Entries provided >>

+--

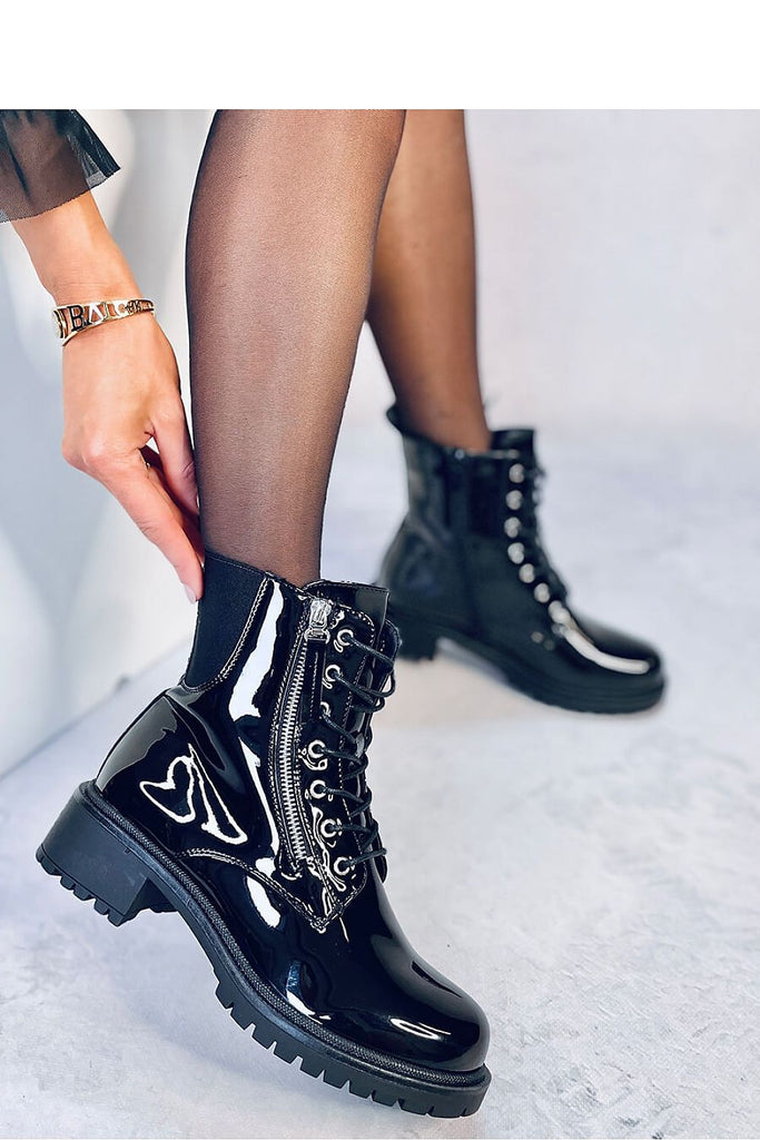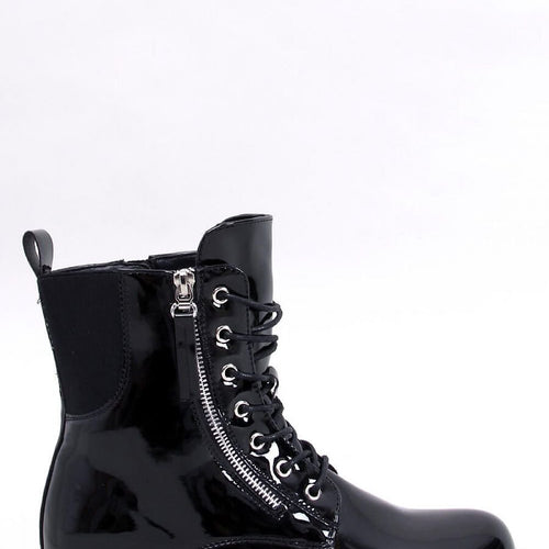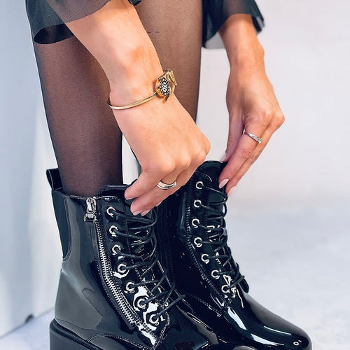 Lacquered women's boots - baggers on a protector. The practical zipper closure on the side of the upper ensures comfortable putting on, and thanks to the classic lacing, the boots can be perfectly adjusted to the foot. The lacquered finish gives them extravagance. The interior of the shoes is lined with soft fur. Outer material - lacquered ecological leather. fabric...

+--

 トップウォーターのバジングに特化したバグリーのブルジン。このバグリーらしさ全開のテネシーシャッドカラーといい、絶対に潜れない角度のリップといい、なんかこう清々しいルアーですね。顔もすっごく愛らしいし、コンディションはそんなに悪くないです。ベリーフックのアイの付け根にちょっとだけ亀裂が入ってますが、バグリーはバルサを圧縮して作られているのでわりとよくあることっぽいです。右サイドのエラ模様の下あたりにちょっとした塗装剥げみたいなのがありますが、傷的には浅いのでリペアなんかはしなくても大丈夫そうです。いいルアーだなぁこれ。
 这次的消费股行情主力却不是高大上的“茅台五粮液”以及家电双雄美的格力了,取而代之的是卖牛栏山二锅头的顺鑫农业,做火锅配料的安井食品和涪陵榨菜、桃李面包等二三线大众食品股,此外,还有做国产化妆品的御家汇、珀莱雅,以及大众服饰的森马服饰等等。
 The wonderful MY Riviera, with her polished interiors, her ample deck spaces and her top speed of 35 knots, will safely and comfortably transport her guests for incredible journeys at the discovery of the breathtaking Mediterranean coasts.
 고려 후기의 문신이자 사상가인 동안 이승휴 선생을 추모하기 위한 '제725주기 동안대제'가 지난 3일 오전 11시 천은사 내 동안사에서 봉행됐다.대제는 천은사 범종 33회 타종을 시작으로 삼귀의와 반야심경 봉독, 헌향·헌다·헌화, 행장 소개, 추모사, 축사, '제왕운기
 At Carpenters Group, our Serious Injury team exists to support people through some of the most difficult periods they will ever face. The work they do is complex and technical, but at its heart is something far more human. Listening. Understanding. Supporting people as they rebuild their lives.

+--

Requirement >> Would you retype exactly the lines above, from the line with "这次的消费股行情主力却不是高" to the line with "The wonderful MY", with both end lines kept and nothing more?

Written solution >>
 这次的消费股行情主力却不是高大上的“茅台五粮液”以及家电双雄美的格力了,取而代之的是卖牛栏山二锅头的顺鑫农业,做火锅配料的安井食品和涪陵榨菜、桃李面包等二三线大众食品股,此外,还有做国产化妆品的御家汇、珀莱雅,以及大众服饰的森马服饰等等。
 The wonderful MY Riviera, with her polished interiors, her ample deck spaces and her top speed of 35 knots, will safely and comfortably transport her guests for incredible journeys at the discovery of the breathtaking Mediterranean coasts.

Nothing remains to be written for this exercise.